- [PROBLEM TO SOLVE]
Retype only what runs from the first line of the records to the line with "人体に5cm四方のラインを引", inclusive, and no pictures.

- [RECORDED DATA]
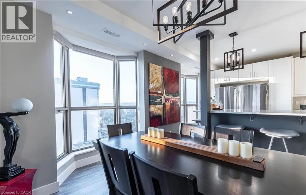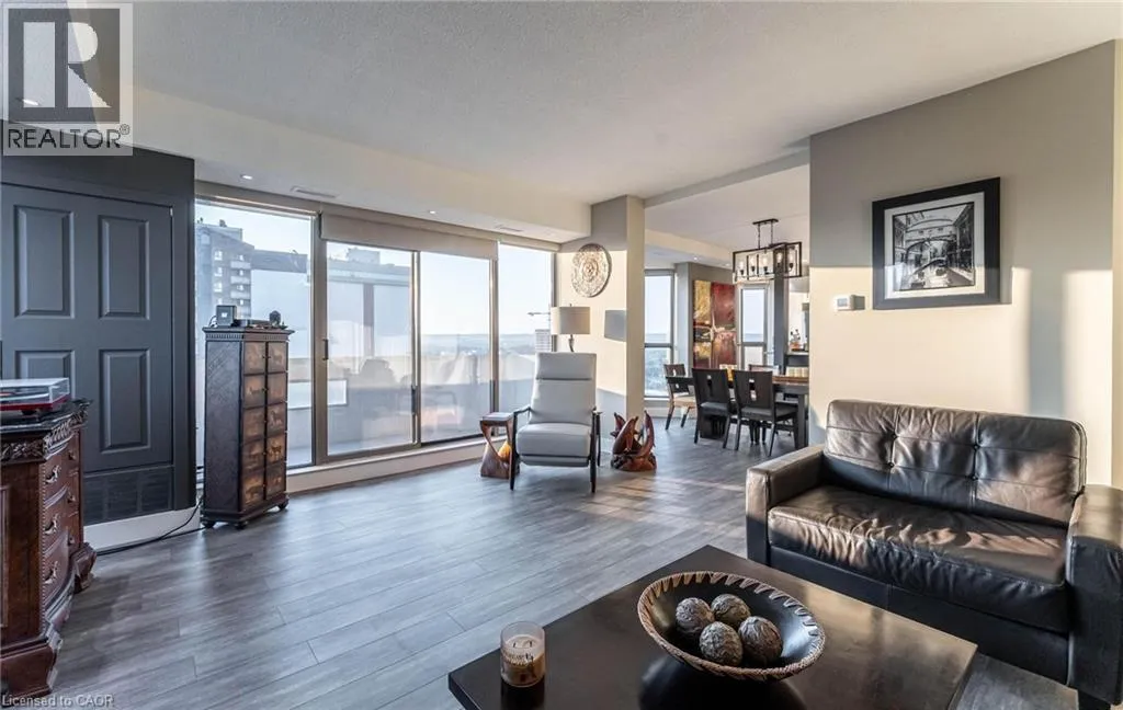 Bay St to Jackson St W to Caroline St S Fantastic Bentley Place!! Once you come in you wont want to leave. Great west Hamilton location. Panoramic views of city escarpment and lake Ontario. Beautiful open living, dining and kitchen area with 9' foot ceilings. Kitchen , baths and most flooring renos done since 2020. Kitch Island 3'.5 x 8' Accent LED lighting throughout. Wrap around balcony off living room. 2nd Balcony from primary bedroom with ensuite bath. Furnace and central air replaced in 2020.Windows and sliding doors replaced March,2025. One excusive underground parking spot. A must to view. (id:27476)
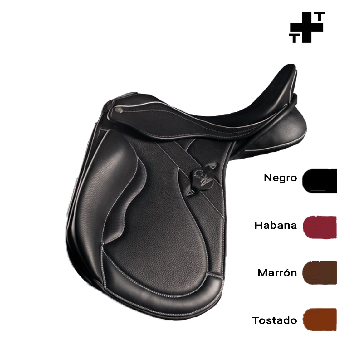 Siguiendo la línea de nuestro eslogan, Tradición y Tecnología T+T, hemos incorporado a esta innovadora y atractiva colección los últimos desarrollos tecnológicos junto a los más avanzados estudios veterinarios y médicos. Aplicando, además, las directrices de grandes saddlefitters de gran prestigio internacional. Todo ello, unido a los 50 años de experiencia como guarnicioneros y a disponer de fábrica propia, nos permite lanzar esta nueva línea de sillas de montar completamente configurables a medida ¡Somos fabricantes!
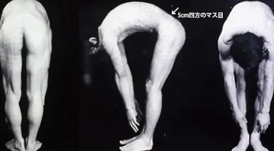 人体に5cm四方のラインを引き、運動することによって、皮膚がどのように動くかを研究しました。
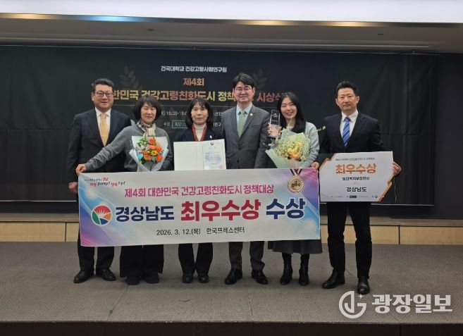 광장일보 주재영 기자 | 경상남도는 건국대학교 건강고령사회연구원이 주최하고 보건복지부가 후원하는 ‘제4회 대한민국 건강고령친화도시 정책대상’에서 유일하게 광역자치단체 최우수상을 수상했다고 밝혔다.
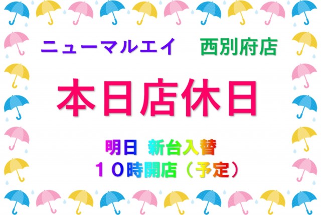 マルエイ西別府店 本日店休日 明日新台入替(予定)!!
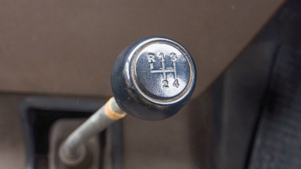 Изогнутый рычаг переключения передач двигает здоровенную тягу, идущую через весь кузов — коробка-то тоже сзади, пристыкованная к мотору. Ходы хоть и размашистые, но люфтов нет, передачи втыкаются мягко (спасибо синхронизаторам) и безошибочно, даже с учётом того что работать приходится левой рукой (машина ведь праворульная).
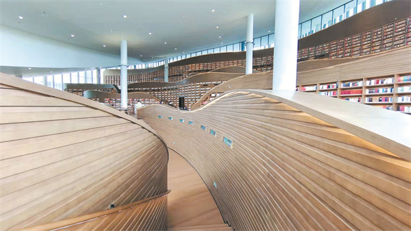 坐落于天府艺术公园内的天府人文艺术图书馆,建筑设计灵感来自杜诗“窗含西岭千秋雪”,建筑形态象征着连绵迤逦的山峰。行走于馆内,馆内高低错落的书山造型,更是彰显出“书山有路勤为径”的人文意蕴。“因为公园城市的建设,我觉得要把自然的景观移植到我们室内的阅读空间里面来。”肖平介绍说,场馆的设计跟天府文化结合得非常紧密,拥有地域特色。整个书山部分,像层峦叠嶂的群山一样,能让读者有一种在自然山水间阅读的舒适感和亲近感。这也是成都建设公园城市示范区一个很典型的范例。
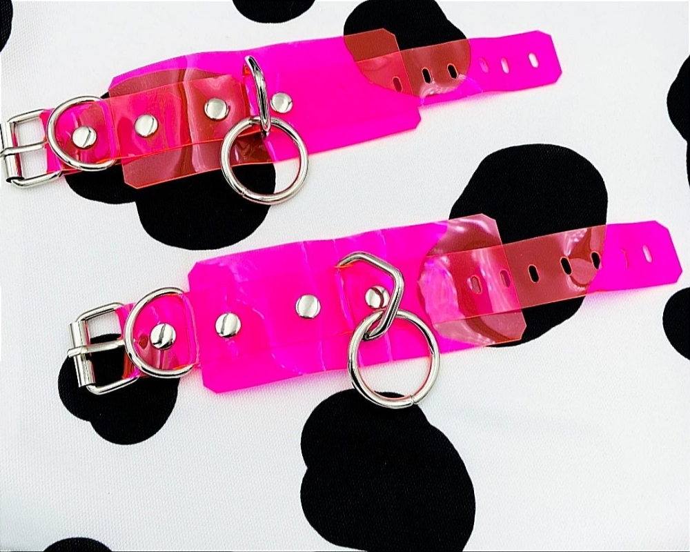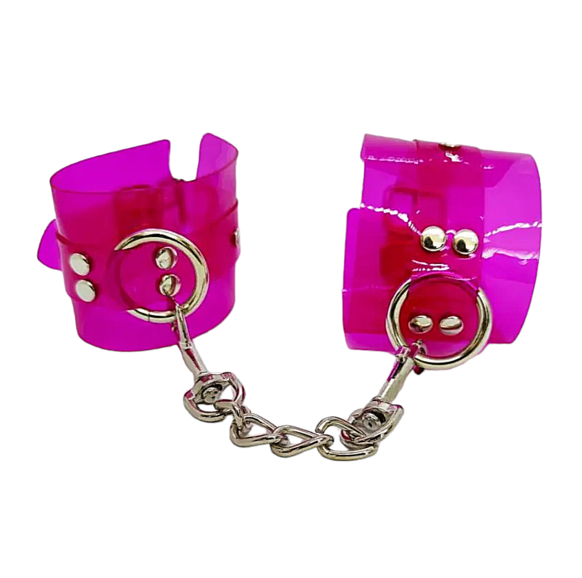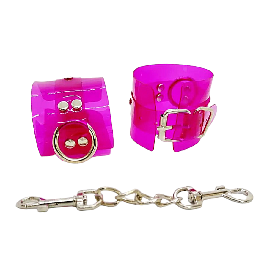 Наручники DS Fetish Handcuffs transparent purple — приятные, функциональные и простые в использовании. Есть два браслета на крепких замочках, которые можно как соединить между собой карабинами, так и разъединить, или закрепить карабины на соответствующей цепочке и т.д.
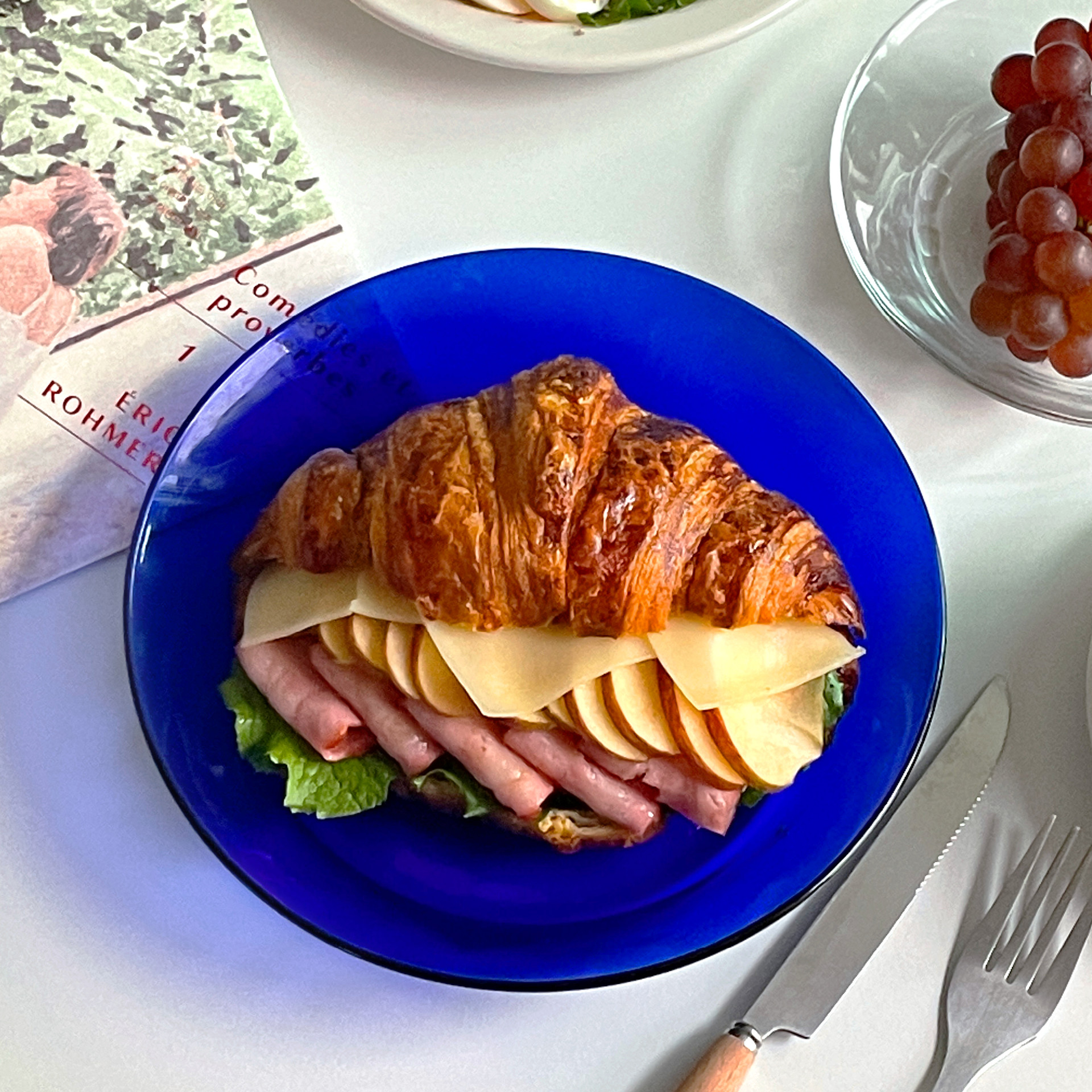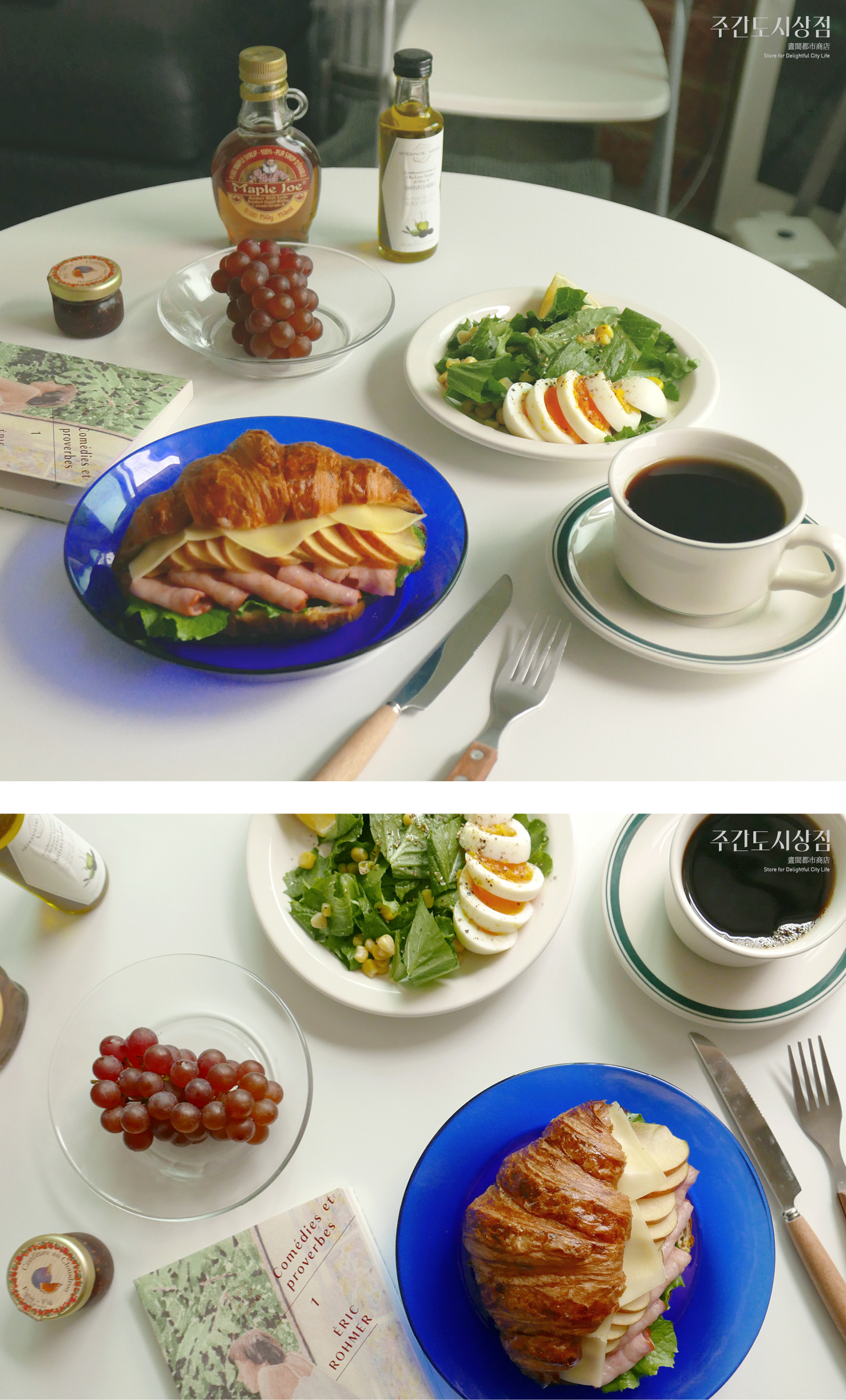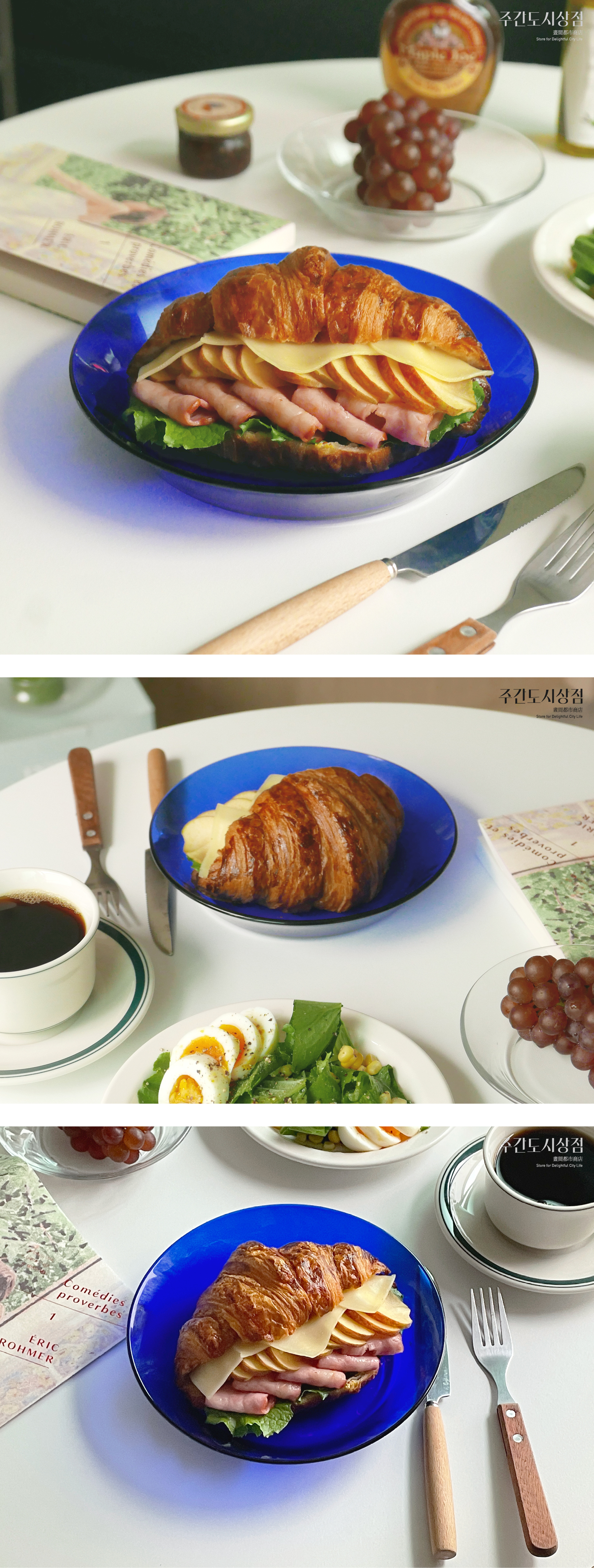 영롱한 파란빛 플레이트입니다. 속이 깊고 강렬한 색상이 포인트로 소스가 들어간 요리나 빵, 브런치 등을 먹을 때 사용해도 매력적입니다. 단독으로도 또는 다양한 그릇들과 믹스매치 하기도 좋은 플레이트입니다.

- [TASK RESPONSE]
 Bay St to Jackson St W to Caroline St S Fantastic Bentley Place!! Once you come in you wont want to leave. Great west Hamilton location. Panoramic views of city escarpment and lake Ontario. Beautiful open living, dining and kitchen area with 9' foot ceilings. Kitchen , baths and most flooring renos done since 2020. Kitch Island 3'.5 x 8' Accent LED lighting throughout. Wrap around balcony off living room. 2nd Balcony from primary bedroom with ensuite bath. Furnace and central air replaced in 2020.Windows and sliding doors replaced March,2025. One excusive underground parking spot. A must to view. (id:27476)
 Siguiendo la línea de nuestro eslogan, Tradición y Tecnología T+T, hemos incorporado a esta innovadora y atractiva colección los últimos desarrollos tecnológicos junto a los más avanzados estudios veterinarios y médicos. Aplicando, además, las directrices de grandes saddlefitters de gran prestigio internacional. Todo ello, unido a los 50 años de experiencia como guarnicioneros y a disponer de fábrica propia, nos permite lanzar esta nueva línea de sillas de montar completamente configurables a medida ¡Somos fabricantes!
 人体に5cm四方のラインを引き、運動することによって、皮膚がどのように動くかを研究しました。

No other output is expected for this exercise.